To solve linear first-order differential equations, we often use an ingenious method called the

• Integrating Factor. It is a clever tool that transforms the equation into an easily solvable form.
• The main idea is to multiply the differential equation by a function that simplifies it.

For the given problem, we express the equation in the standard form: \[ \frac{\mathrm{d} y}{\mathrm{d} x} + P(x)y = Q(x) \]By identifying \(P(x)\) from the equation as \(\frac{2}{x}\), we compute the integrating factor \(\mu(x)\):

• This is done by taking the exponential of the integral of \(P(x)\); thus, \(\mu(x) = e^{\int \frac{2}{x} \, dx} = x^2\).
• Multiplying the original differential equation by this integrating factor allows us to express the left side as a derivative.

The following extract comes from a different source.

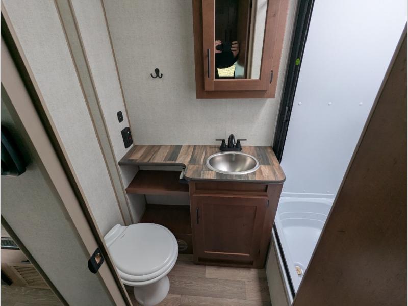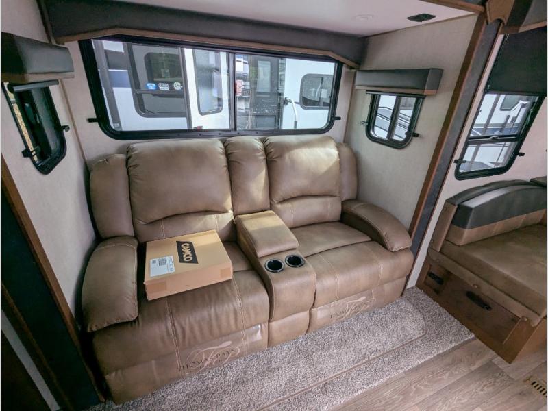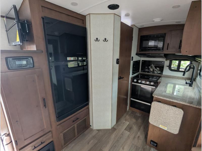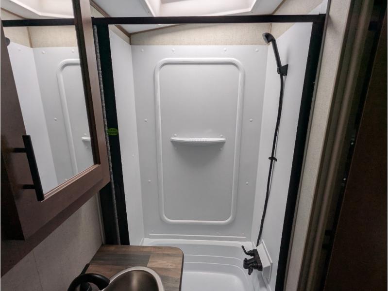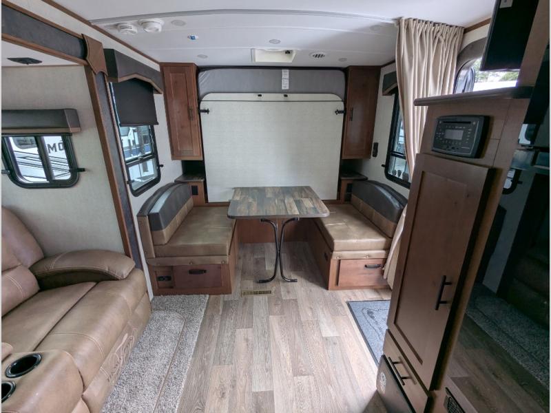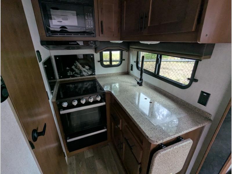 Versatility and comfort is found in this spacious travel trailer. There is a queen Murphy bed up front that can fold away into the wall so you can dine at the fold down booth dinette. The residential sofa with built-in recliners will be the perfect place to relax as you watch a movie on the TV, and the single slide out here will provide more interior space. This model includes a rear corner kitchen with plenty of counter space to prep meals and the full bath is in the other rear corner for privacy. You'll also enjoy the shower skylight for more head room, plus a living area skylight for more natural light.

Multiplying transforms the equation to \[ x^3 \frac{\mathrm{d} y}{\mathrm{d} x} + 2x^2 y = x^4 \] which simplifies to \[ \frac{\mathrm{d}}{\mathrm{d} x} (x^2 y) = x^4 \].This technique greatly simplifies solving these types of equations by making them integrable.

Differential equations consist of equations involving a function and its derivatives.
A linear first-order differential equation fits the specific form:

• \( \frac{\mathrm{d} y}{\mathrm{d} x} + P(x)y = Q(x) \)
• It is labeled 'first-order' because it involves the first derivative, \( \frac{\mathrm{d} y}{\mathrm{d} x} \).

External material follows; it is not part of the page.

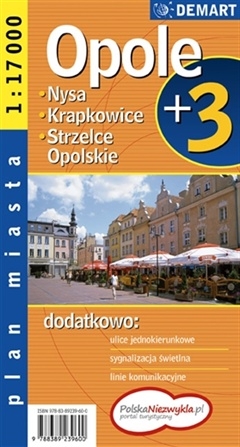 Plan Opola w skali 1:17 000 plus centrum w skali 1:10 000, wzbogacony o plany najważniejszych miast w okolicy.- Ulice jednokierunkowe- Strefy ruchu pieszego- Sygnalizacja świetlna- Linie komunikacyjne- Spisy ulic i informacje teleadresowe- Szlaki turystyczne- Rysunki i opisy wybranych zabytków Opola.

These equations are "linear" concerning the unknown function \(y\) and its derivative.
This means they do not contain terms like \(y^2\) or \( (\frac{\mathrm{d} y}{\mathrm{d} x})^2 \), which would make them nonlinear.
They are the simplest type of differential equations to solve, and incorporating an integrating factor allows you to convert them into equations that can be directly integrated. By following this process, the given problem is straightforwardly transformed and solved.

An initial value problem (IVP) is a type of problem involving differential equations, where the solution must satisfy a certain condition at a specific point.
In other words, you have a starting point that the solution must pass through. For the given exercise:

• The differential equation is solved such that the function \(y\) meets the condition \(y(1) = 1\).
• This condition allows us to determine the constant of integration, \(C\), after we integrate.

For the exercise, after solving and integrating, we applied the initial condition by substituting \(x = 1\) and \(y = 1\), resulting in \(y = \frac{x^3}{5} + \frac{4}{5x^2} \).
Without the initial condition, we would have multiple possible solutions due to the arbitrary constant \(C\).
However, with this given point, we uniquely determine the solution, ensuring our answer is specific and aligns with the real-world scenario or problem being modeled.